Cuando queremos que Dios obre en nosotros y lo increpamos, siempre habrá quien quiera callarnos la boca. El mundo quiere silenciar los gritos de los necesitados, quizá solo le interesan los sonidos que no comprometen. No es esa la actitud de Dios, que escucha siempre. Y ¿qué le pide ese ciego a voz en grito? Pide compasión, pide que el Señor se haga cargo de su limitación, que acuda en su ayuda. Ojalá que esa certeza se haga viva en nosotros: Jesús no es indiferente, ni a esa ni a ninguna otra voz que busque aliento, esperanza, luz para ver con claridad. Él escucha y llama.
Sigamos aprendiendo de aquel ciego que, sin respetos humanos ni formalismos, suelta el manto, lo único que debía tener para protegerse al menos del frío y da un salto, no puede pararse quieto y se pone ante el maestro ¡Qué delicadeza la del Señor! Sabe lo que necesita pero, aun así, le pregunta qué quiere: “recobrar la vista”. Jesús, entonces, le da más de lo que pide. El evangelio no dice que le curó la vista, sino algo que es más importante: lo salva. Le regala la salvación: de su pobreza, de su precariedad, de no tener a nadie. Solo después de esa transformación interior, puede recuperar su falta de vista. Reconoce completamente a Jesús, ya ve claro. Y lo sigue
1. No tengamos miedo a gritar ante el Señor. ¿Estás desolado, triste, acorralado por la vida? No te quedes callado. Acude al Señor con confianza. Grita, y no porque Dios no te oiga, sino porque somos nosotros los que no nos oímos. Demos ese paso al frente porque estamos tan metidos en nosotros mismos que no nos salen esas palabras de socorro que nos hacen reconocer nuestra precariedad. Decir los pecados en la confesión, sin falsos pudores, ayuda tanto… El silencio nos aprisiona y por eso hemos de gritar con sinceridad: es una manera de mostrar que estamos vivos.

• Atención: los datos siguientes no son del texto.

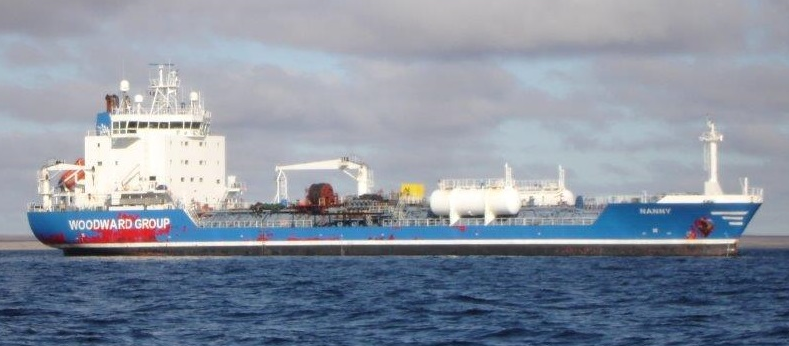 The Nanny is of typical oil tanker construction, with segregated ballast tanks and an aft superstructure on an ice-strengthened hull (Photo 1). Propulsion is provided by a diesel engine with a constant speed of 500 revolutions per minute (rpm). The vessel has a controllable-pitch propeller, a spade rudder, and 2 controllable-pitch tunnel thrusters of 450 kilowatts (kW) each, 1 at the bow and 1 at the stern. Port, centre, and starboard bridge consoles provide improved vessel handling during manoeuvres.

2. Hagamos una experiencia profunda de humildad. Reconocer nuestra poquedad, nuestras carencias y debilidades es necesario para poder caminar en la luz, y abandonar la oscuridad de un mundo que parece engullirnos. Qué complicado resulta, porque estamos enfermos de suficiencia y nos parece que no necesitamos nada ni a nadie. El anhelo de felicidad lo ponemos tantas veces en las cosas del mundo… Tenemos todo a nuestra disposición y suponemos que con eso es suficiente. Pero no es verdad. Nos engañamos. Tarde o temprano nos encontramos con nuestras carencias.
3. Hemos de dar el salto desprendidos de nosotros mismos. Fuera apegamientos, o crearnos falsas necesidades: son obstáculos, muros que nos impiden dar el salto hacia Dios. ¡Cuántas veces, aparece la frustración, porque constatamos que no lo podemos todo, y la felicidad se escapa como agua entre los dedos! Lo que necesitamos es el dedo de Dios que nos libere de andar a ciegas algo que dé sentido y luz a nuestra vida. Y esa es la fe en Dios. Reconocer el señorío de Cristo y ponerlo todo a sus pies. Reconocer que Él es el único que nos salva de todo lo que hace de nosotros esclavos.
No hay más ciego que el que no quiere ver, ni más sordo que el que no quiere oír. Nuestro orgullo, nuestra soberbia nos imposibilita abrir los ojos y no vemos. Nuestra vanidad, nuestra arrogancia nos cierra los oídos. Y aparecemos en medio de un mundo hostil, derrotados incluso antes de luchar, heridos que se quejan pero no terminan de dejarse sanar por Dios. Y así nos va.
Confiemos.
La fe no encorseta, nos libera. No somos los que construyen la esperanza, es más bien un regalo que Dios nos ofrece cuando confiamos en Él. El amor no es tener la voluntad de querer y que nos quieran, es un don que se recibe y que llega a plenitud cuando se ofrece gratuitamente a los demás. Piensa uno en María: es la mujer por excelencia que da a luz al Salvador, y quiere, a nosotros sus hijos, darnos a luz a la fe, al amor, a la esperanza. Vamos a dejarnos.